108 N.E. 98, 183 Ind. 232, 1915 Ind. LEXIS 47
CourtIndiana Supreme Court
DecidedMarch 12, 1915
DocketNo. 22,475
StatusPublished
Cited by10 cases

This text of 108 N.E. 98 (Thompson v. Ryan) is published on Counsel Stack Legal Research, covering Indiana Supreme Court primary law. Counsel Stack provides free access to over 12 million legal documents including statutes, case law, regulations, and constitutions.

Bluebook
Thompson v. Ryan, 108 N.E. 98, 183 Ind. 232, 1915 Ind. LEXIS 47 (Ind. 1915).

Opinion

Erwin, C. J.

— On September 16, 1909, appellee, Ryan, with others, filed in the circuit court of Jasper County, their petition for a drain describing a particular route and terminus, with a description of the lands affected by the proposed drainage, with the names of the owners therein set out. Proper notices were given to all parties interested of the pendency of such petition and that the same would be docketed on December 4, 1909. No objections were interposed by appellants to the docketing of the cause, and the same was, on March 12, 1910, referred to drainage commissioners, with instructions to make report April 18, 1910. Extension of time for making report was granted by the court from time to time until September 24, 1910, when the commissioners made a report, in which report the commissioners stated that the route and outlet as described in the petition would, in their opinion be impracticable, and suggested that another outlet known as the “Pinkamink” route would, in their opinion be practicable. The court thereupon ordered that the petition be amended so as to make the proposed drain over the last named outlet. In pursuance to the order of court a new petition was filed on October 10, 1910, and the same was set for docketing on the second Monday of November, 1910, and notices ordered. Service of notice was again made on all parties named in the original and new or amended petition, including all of the appellants. On November 29, 1910, one Almira Stockton filed a. plea in abatement, and at the same time her affidavit for a change of judge, and objections to the county surveyor acting in the matter. The petitioners thereupon filed their motion in writing to amend the petition by striking out all of the lands of Stockton as described in the amended petition. The court sustained the motion of the petitioners and the petition was so amended that Almira Stockton was no longer a party to the proceedings and from that time ceased to be in any way connected with the case. The court at the time the petition was amended excluding Stockton, struck [235]*235from the files her plea in abatement and affidavit for change of judge, to which actions of the court Almira Stockton, alone excepted. Stockton is not a party to this appeal.

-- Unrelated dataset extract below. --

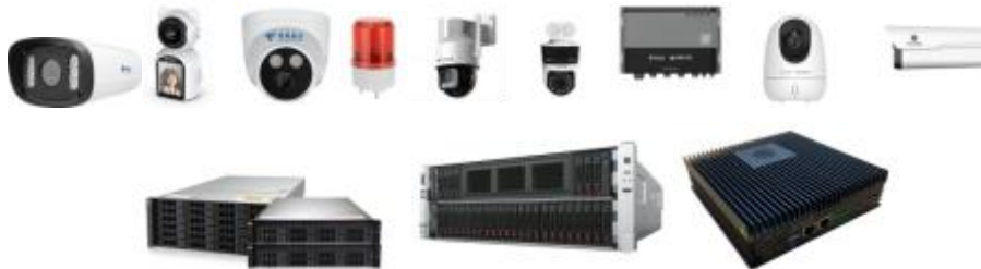
图 8：安徽赛达智能终端设备

研发的业软件平台及视觉算法的不断优化，赋能运营商及其他渠道合作伙伴，攻坚农业农村、林业、环保、国土、水利等政府客户，助力政府实现信息化及数字化升级。同时，针对 C 端客户及中小型企业客户，提供优质的视频监控终端，协助运营商占领家庭及商客市场。

Following this proceeding the court referred the amended petition to the drainage commissioners. The commissioners filed their report on May 12, 1912. Up to this time no objections were made or exceptions reserved to any ruling of the court by any of the appellants. Within the time allowed by law after the filing of the report by the commissioners, all the appellants except Ray D. Thompson filed remonstrances. The case came on for hearing and after some evidence had been heard, the court on December 23, 1912, referred the matter back to the drainage commissioners with instructions to establish certain grade lines and also made the following order, “That said commissioners are hereby directed to narrow the rock cut from twenty-five and twenty feet on the bottom to fifteen feet”. To this action of the court in referring the matter back to the commissioners, the remonstrators duly objected and excepted, and the appellant, Austin O. Moore, -assigns this as one of the causes for a new trial, and also assigns it as one of the errors relied upon for reversal in this court.

On December 31, 1912, the commissioners made report of their doings as by the court directed, and appellants filed remonstrances separately; the fifth cause of their remonstrance being the tenth statutory cause, viz., “that the proposed work as decided upon and reported by the commissioners, will not be sufficient to properly drain the land to be affected” by the construction thereof. §6143 Burns 1914, Acts 1907 p. 508, §4.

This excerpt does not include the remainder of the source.